What if I can store the high-level causal structure explicitly on paper and keep the individual causal functional equations in the textbook and refer to them as needed?

Basically, I’m limited by my typing speed. If I go the explicit route, I cannot build a causal model faster than I can type. And most of that would be just a costly repeat of the information in the textbook. A human can understand those English sentences effortlessly, whereas writing them in causal form would be a pain.

So, the question is where do I draw the limits? What do I choose to show explicitly in causal form and what do I choose to keep in the textbook in English?

I need to choose those parts of the domain that are modular - things that don’t depend too much on other things. I can just ignore their details and just view them in abstract form.

Finally, it depends on what problems I would need to solve. Remember, goals dictate abstractions. So, I need to figure out the key variables and work backwards.

I think I chose poorly when I decided to work on a high school biology textbook. Most of the exercise questions ask you to repeat what is in the textbook. There seems little application of the knowledge to solving problems.

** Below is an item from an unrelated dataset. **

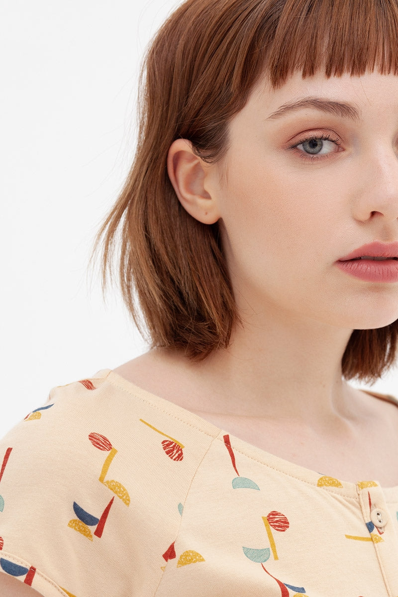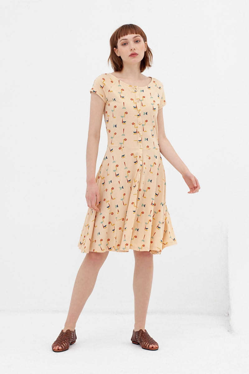 El vestido Àdele con aire retro y manga ranglán, tiene corte en la cintura y es entallado. Lleva tapeta con botones funcionales. El estampado abstracto multicolor inspirado en Lucienne day, le da ese toque especial, único y exclusivo a la prenda.
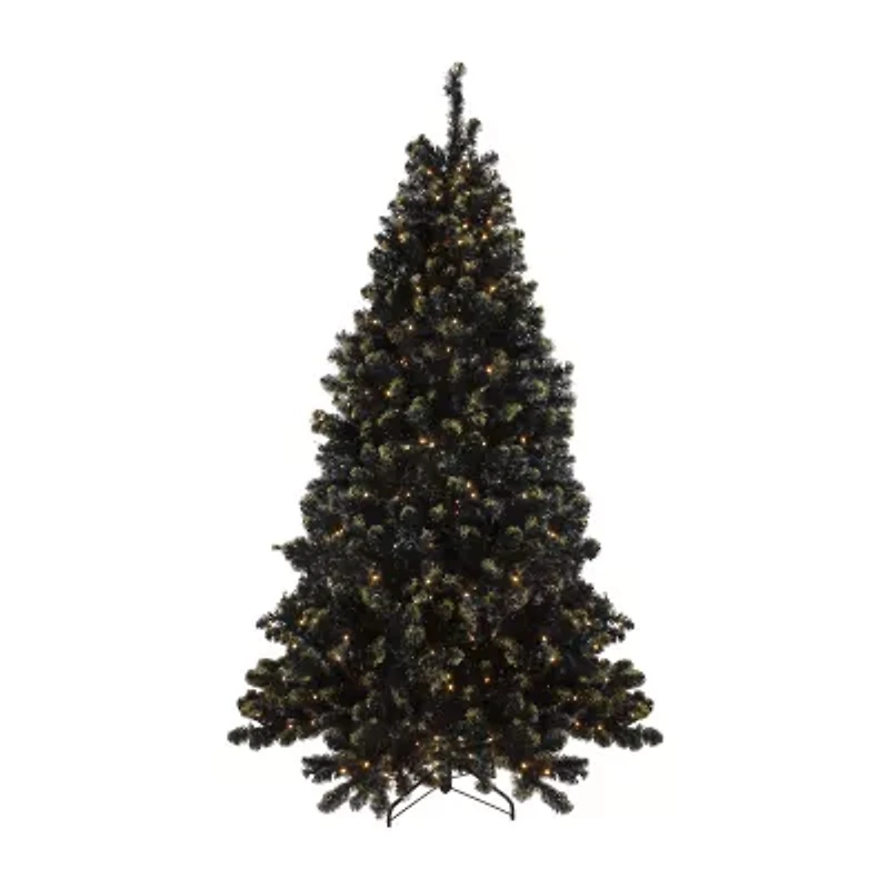 This beautiful dark tree makes a bold statement. Clear lights highlight the dark tips and let the glitter sparkle on this stunning beauty. Numerous tips give the tree a full and dimensional look. Indeed, a must-have in your holiday decor.

Perhaps a high school physics textbook would be more helpful. I would have actual problems to test my models on. In fact, I’m not restricted to just one textbook. Pick textbooks from physics, economics, geography (?), math, and history (?). Further, don’t just take high school textbooks in these subjects, look for books from the lower grades too. It has to involve problem-solving somehow, otherwise I can’t test how good my model is.

Notes

One way: Vie against Conventional Thinking

At each point, I must know exactly where my method is deficient. I seem to believe deep down that a good scientific method can solve any problem more efficiently than conventional human thinking. For this not to be an empty boast, I need to figure out what my method can’t do that conventional thinking can, and eventually make it go beyond conventional limits.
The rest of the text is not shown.